What starts with a bagel may end with another Yahoo!

The art of the deal begins, in Palo Alto, Calif., with breakfast at Hobee's. By 7:30 a.m., Geoffrey Y. Yang, a 38-year-old venture capitalist, has settled into his table, this morning with entrepreneur Kingston Duffie. The two seem like old friends, which isn't so surprising: Yang's Institutional Venture Partners made $10 million, a 250% return, in April when Duffie, a 36-year-old engineer, sold his first company, Whitetree Inc., to Ascend Communications Inc. for $66 million. Now, they are hashing out Duffie's vision for a second startup, another telecom concept, and their conversation bubbles with talk of NSPs, DSPs, and IDSLs.

Even before the bagels and fruit shakes are carted away, Yang, who is hearing the still-fuzzy concept for the first time, offers Duffie $100,000 and an office to help him explore the idea further. His message is clear. ''I want to be involved with just about whatever he does,'' says Yang. ''Everyone will be all over Duffie. I'm trying to lock this up before anybody else knows about it.'' No commitments are made, but Yang suspects his no-strings-attached overture has served its purpose.

Down the road at Il Fornaio, another popular Valley breakfast spot, venture capitalist Gill Cogan is engaged in a similar ritual. His target is Joseph J. Raffa, a 36-year-old marketing whiz who made his name at Hewlett-Packard Co. and software maker Synopsys Inc. Cogan, a partner at Weiss, Peck & Greer Venture Partners, wants Raffa to help run one of the companies in his $205 million fund. He already has bought Raffa a fancy cell phone and given him the unique opportunity to invest in some of the firm's deals. ''It will pay off handsomely,'' says Cogan. ''We know he's going to do something good, and we want him to call us first.''

Dealmaking, Silicon Valley-style. Nearly every day of the week, venture capitalists, entrepreneurs, and resume-bearing executives pile into the same half-dozen haunts, constantly bumping into one another as they attempt to seal the deal of the day. The object of the game: money. Venture capitalists, in fierce competition with one another for the next Netscape Communications Corp. or Yahoo! Inc., want to multiply it. Entrepreneurs simply want it.

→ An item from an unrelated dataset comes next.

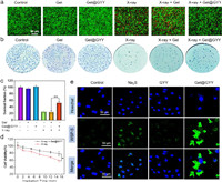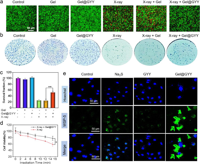 | Fig. 3. Protection effect and H2S release in IEC-6 cells. (a) Live-dead staining of IEC-6 cells with different treatments. X-ray power: 45 kV, 75 µA, 10 min. (b) Clonal survival experiments of IEC-6 cells in each group. X-ray irradiation dose: 6 Gy. (c) Responding survival fraction of IEC-6 cells in each group after 7-day colony (**P < 0.01). (d) Cell viability of X-ray group and X-ray + Gel@GYY group at different radiation time. X-ray power: 45 kV, 75 µA, 10 min (*P < 0.05). (e) Intracellular H2S release detected by fluorescent imaging of differently treated IEC-6 cells using WSP-5 probe. Data represent mean ± standard error of the mean (n = 3). | |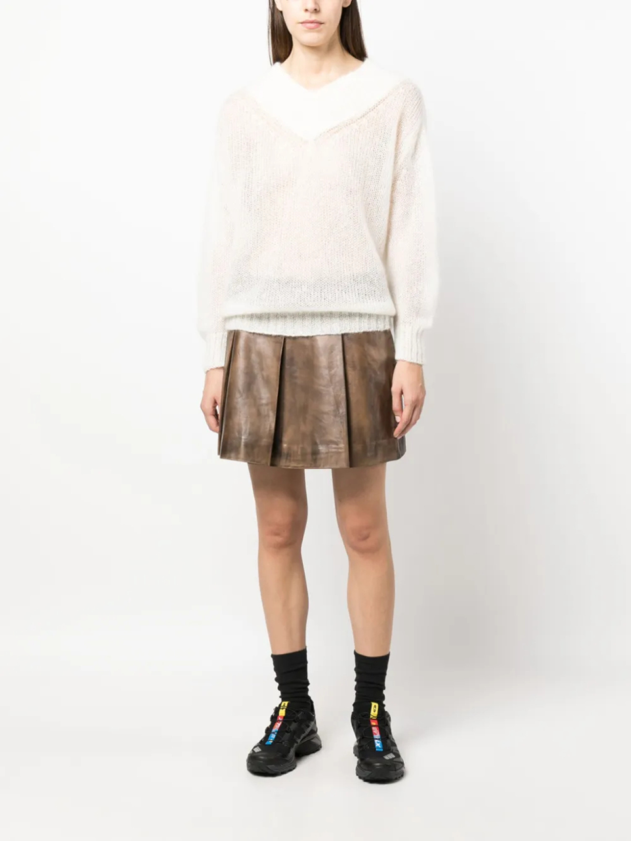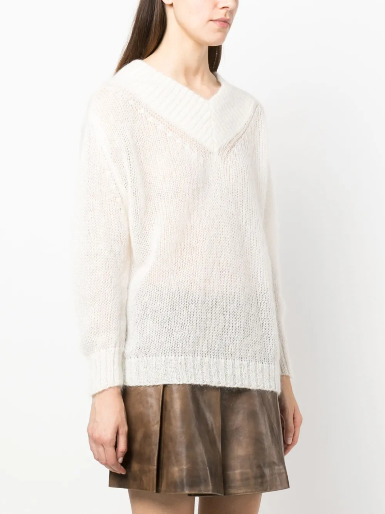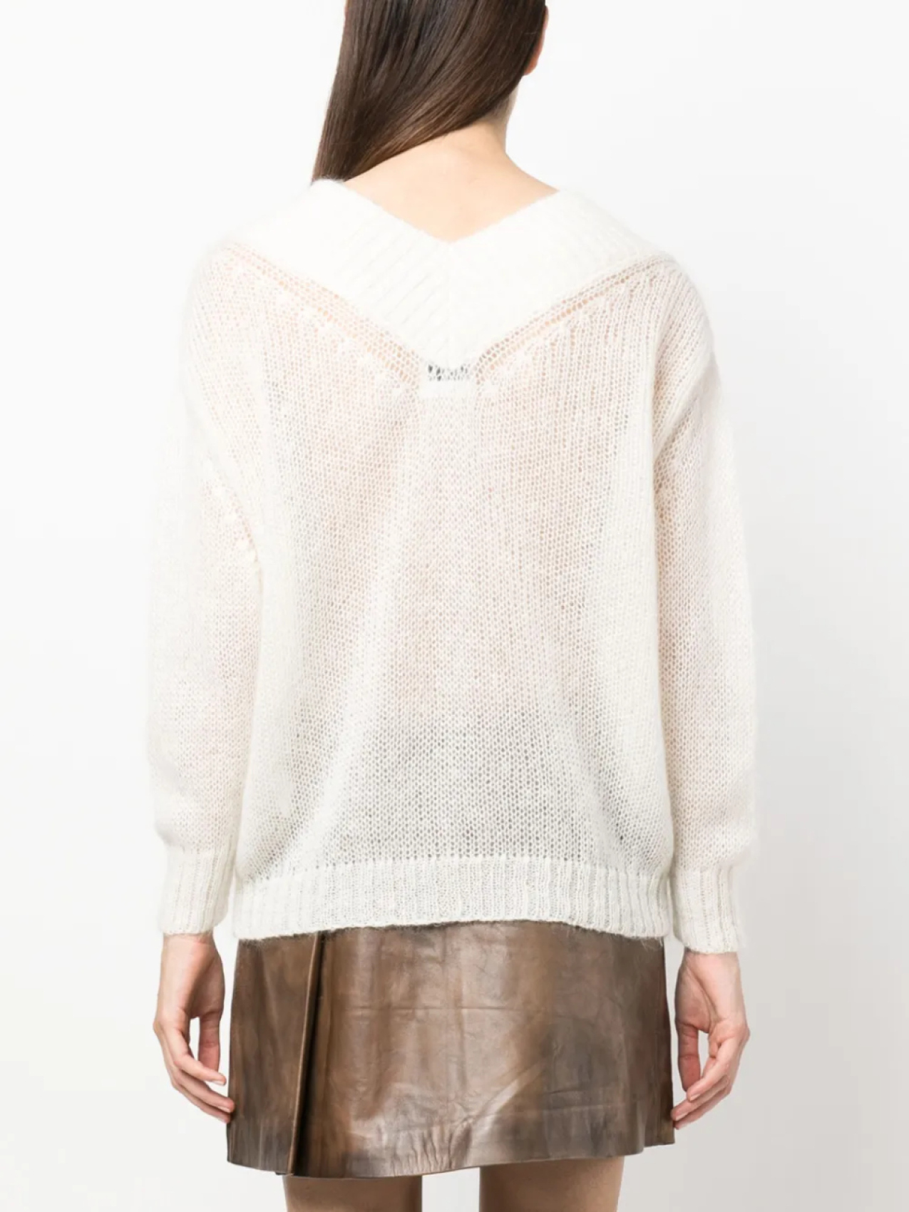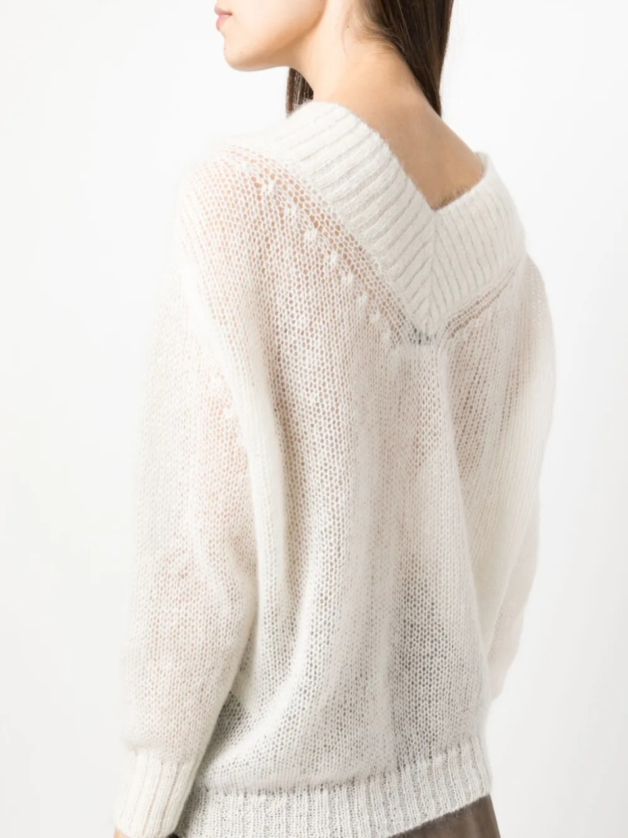 Цвет слоновой кости, смесовый мохер, ажурная вязка, отделка в рубчик, V-образный вырез, V-образный вырез сзади, длинные рукава и прямой подол.

Without their frenetic mating dance, Silicon Valley couldn't be the technological mecca it is today. Indeed, no place else in the world hosts so many venture investors eager to dump money into the untested ideas of young entrepreneurs--all on the off chance that they can overcome inevitable startup snafus to reach powerhouse status. Of some 600 venture firms nationwide, about half call Silicon Valley home, according to the National Venture Capital Assn. These firms establish funds and then drum up the money--no hard sell these days. Money flows in from pension funds, insurers, and endowments around the world, all hoping to achieve annual returns as high as 50%. Then the hunt for hot deals is on.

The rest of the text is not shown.